Une alternative française ?

Qu’aurions nous donc à proposer comme alternative  au modèle Californien ?

Un besoin de prendre du recul et prendre son temps avant de proposer une réflexion comme le propose Frédéric Beck dans son très bon billet ?

Je n’y crois pas une seconde. Nous sommes entrés dans l’ère de l’immédiateté. On peut s’en désoler, proposer un jugement et prétendre que c’est mal, se mettre debout sur les freins, cela ne change rien à l’affaire. C’est ainsi. C’est la métaphore du Kayak de Clay Shirky :

Social tools can’t be controlled. They’re just like kayaks : we are being pushed rapidly down a route largely determined by the technological environment.
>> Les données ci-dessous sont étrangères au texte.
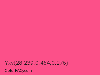 Yxy 28.239,0.464,0.276 Color is a light rose color and the nearest color is French Rose #f64a8a. Hex code #fc5089 and RGB value is rgb(252,80,137). In RGB color space, this color is composed of 99% red, 31% green, 54% blue, In CMYK color space, this color is composed of 0% cyan, 68% magenta, 46% yellow , 1% black , In HSL color space, this color has a hue angle of 340° , 97% saturation and 65% lightness.

We have a small degree of control and that control does not extend to being able to reverse or even radically alter the direction we’re moving in.
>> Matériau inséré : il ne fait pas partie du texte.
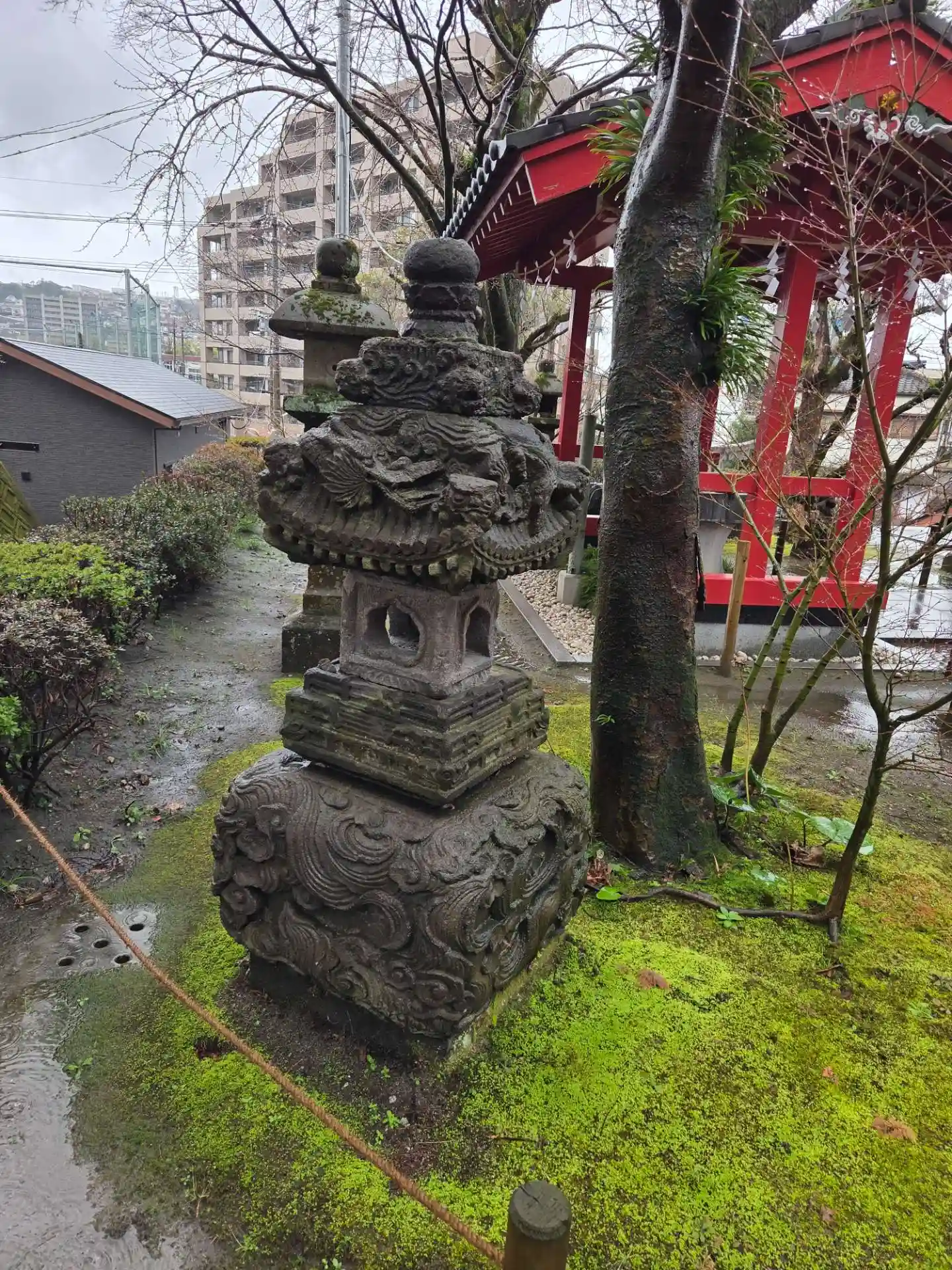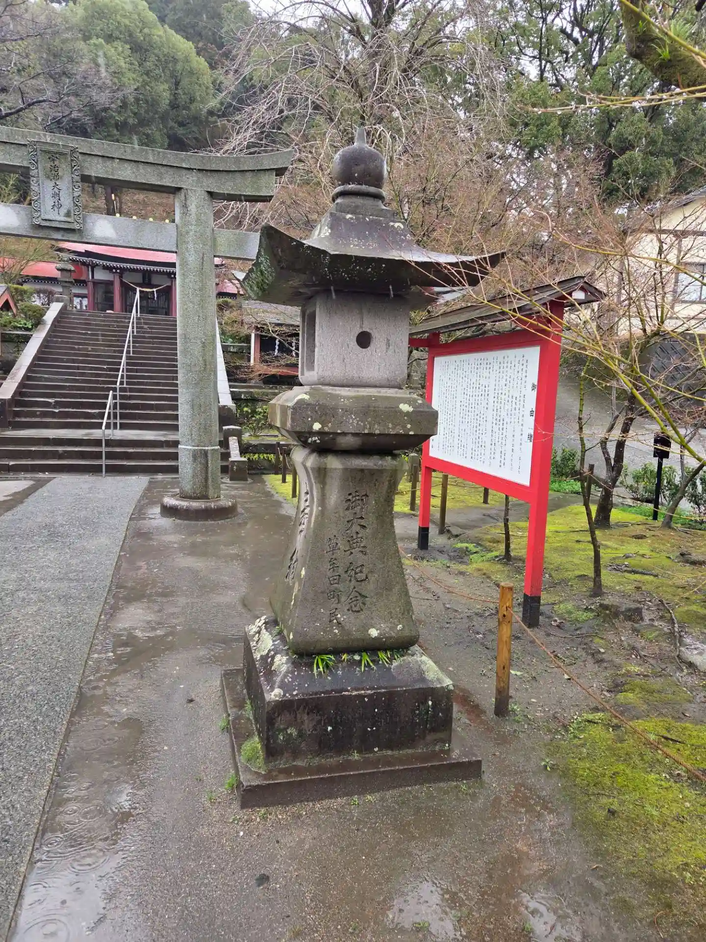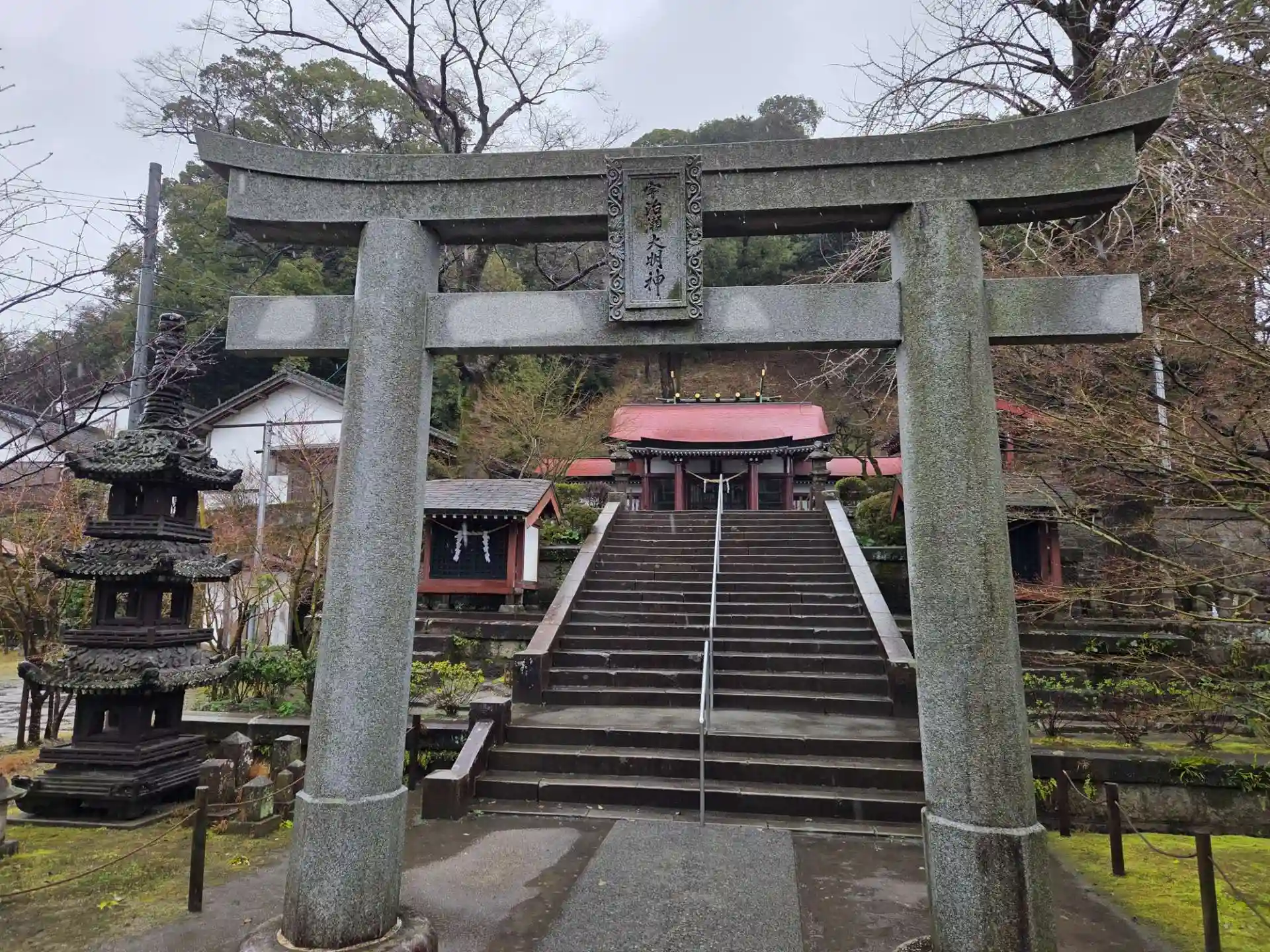 護国神社から徒歩圏内ですが、駐車場もあり、雨なので車移動。小さな神社ですが、鹿児島らしさは感じられる神社でした。

Les outils sociaux ne peuvent pas être contrôlés. Ils sont comme des kayaks : nous sommes en train d’être entraînés rapidement sur une route largement déterminée par l’environnement technologique. Nous n’avons que de petites possibilités de contrôle et cette marge de manœuvre ne peut pas nous permettre de repartir en arrière ni même de changer radicalement la direction dans laquelle nous avançons.
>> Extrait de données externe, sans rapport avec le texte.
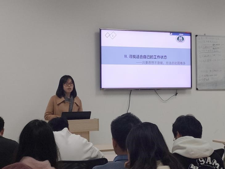 本次党日活动邀请到了支部指导老师傅小鹏同志和优秀博士研究生李润慧同志。李润慧同志以“潜心耕耘,静待花开”为主题,从“选择读博的心路历程”和“寻找适合自己的工作状态”两个方面进行了分享。活动中李润慧同志在谈到自己如何下定决心读博时讲到,应拿出新时代青年的魄力,多尝试,撸起袖子加油干;对于未来工作规划,她表示应结合自身情况,选择工作领域,不怕失败,选择一条适合自己的路。
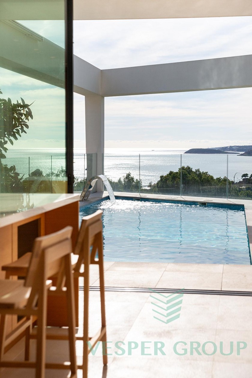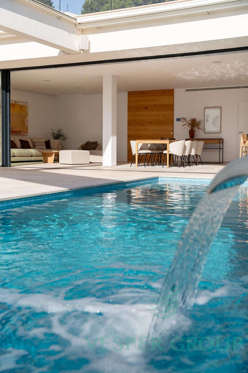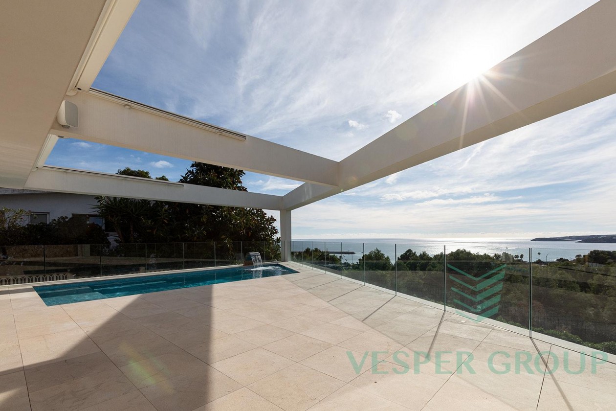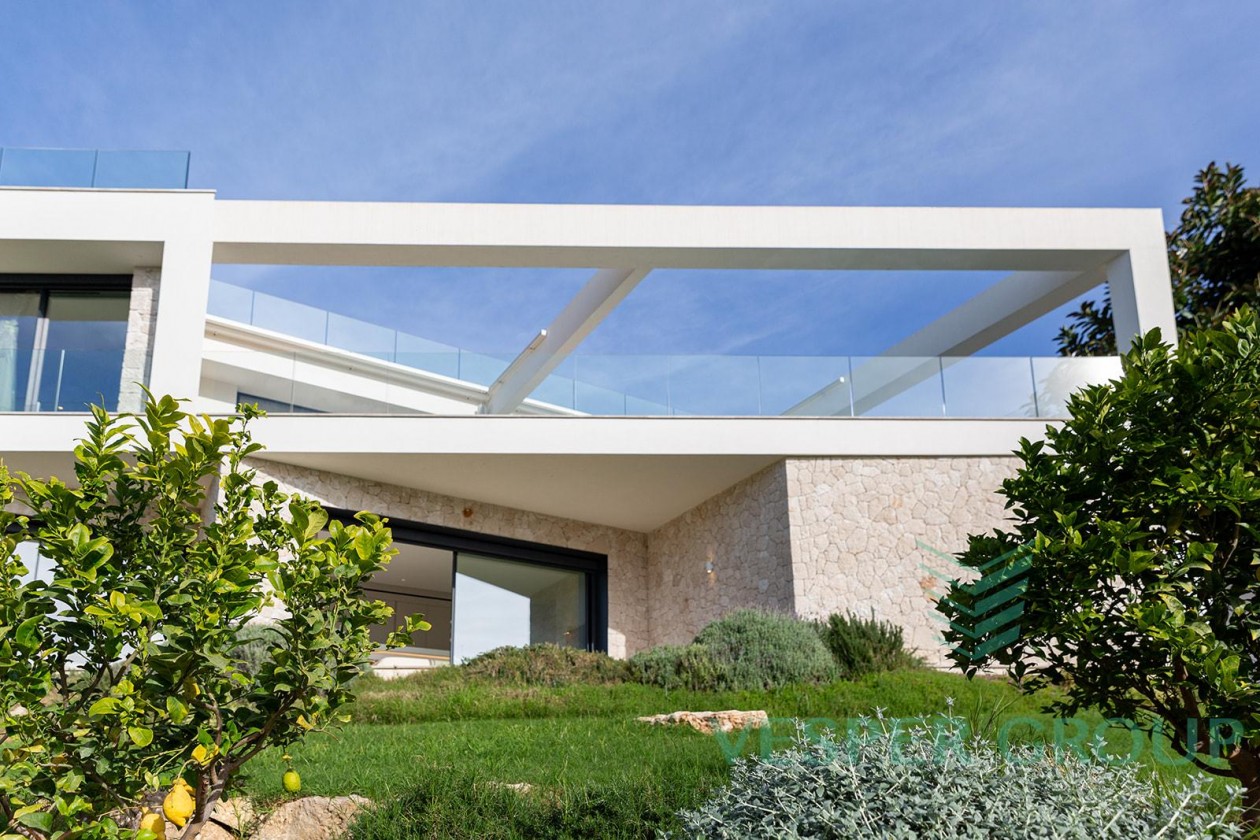 Diese elegante Neubau-Villa in Costa d’en Blanes überzeugt durch zeitgemäße Architektur, lichtdurchflutete Räume und einen fantastischen Meerblick. Sie befindet sich auf einem 1.174 m² großen Grundstück und bietet eine bebaute Fläche von 450 m², verteilt auf zwei Ebenen sowie eine großzügige Dachterrasse. Bereits beim Betreten der Villa öffnet sich durch bodentiefe Fenster der Blick auf das Mittelmeer – ein Panorama, das sich durch den gesamten Wohn- und Essbereich sowie die offene Küche zieht. Auf dieser Eingangsebene befinden sich zudem ein Gästezimmer mit Bad en suite und ein separates Gäste-WC. Im unteren Bereich der Villa liegen drei weitere Schlafzimmer, darunter die großzügige Master-Suite – alle mit eigenen Badezimmern en suite. Insgesamt stehen 4 Schlafzimmer und 4 Bäder zur Verfügung, was ausreichend Platz für Familie und Gäste bietet. Der gepflegte Garten mit großzügiger Rasenfläche eignet sich hervorragend für Kinder oder Haustiere. Ein weiteres Highlight ist die Dachterrasse mit Meerblick, die sich ideal für entspannte Abende oder gesellige Zusammenkünfte eignet. Ausstattung im Überblick: • Grundstücksfläche: 1.174 m² • Bebaute Fläche: 450 m² • 4 Schlafzimmer, 4 Badezimmer • Gäste-WC • Offene Küche mit Meerblick • Bodentiefe Fenster • Dachterrasse mit Panoramablick • Familienfreundlicher Garten • Ruhige und exklusive Wohnlage

Nous sommes entrés dans le temps court. La réflexion doit s’adapter. Nous ne pouvons pas demander au monde de s’arrêter, demander aux bloggers d’arrêter de publier des billets ou au tweeters de poster des liens, tout cela pour prendre le temps de la réflexion.

Si la réflexion culturelle française était incontournable au temps long des livres, ce n’est aujourd’hui plus le cas. Quelle est notre réponse à cette disgrâce ?

Internet et l’Histoire

Après le cinéma, la Californie et à travers elle une certaine Amérique (libérale, tolérante, ouverte et créative) a formaté la culture internet à son image et avec ses valeurs.

Lorsque dans plusieurs siècles on se retournera sur cette époque charnière, équivalente dans sa dimension innovante et créative à la Renaissance, la civilisation dont on se rappellera sera celle-ci.

La composante anglo-saxonne de ma position sur le sujet n’est donc pas un biais, mais plutôt un alignement sur cette réalité : l’Amérique a colonisé notre conscience collective : le réseau.

Crédits photos cc Hugh MacLeaod et FlickR The City Project, Randy Son of Robert, SWANclothing.

Article initialement publié sur #hypertextual.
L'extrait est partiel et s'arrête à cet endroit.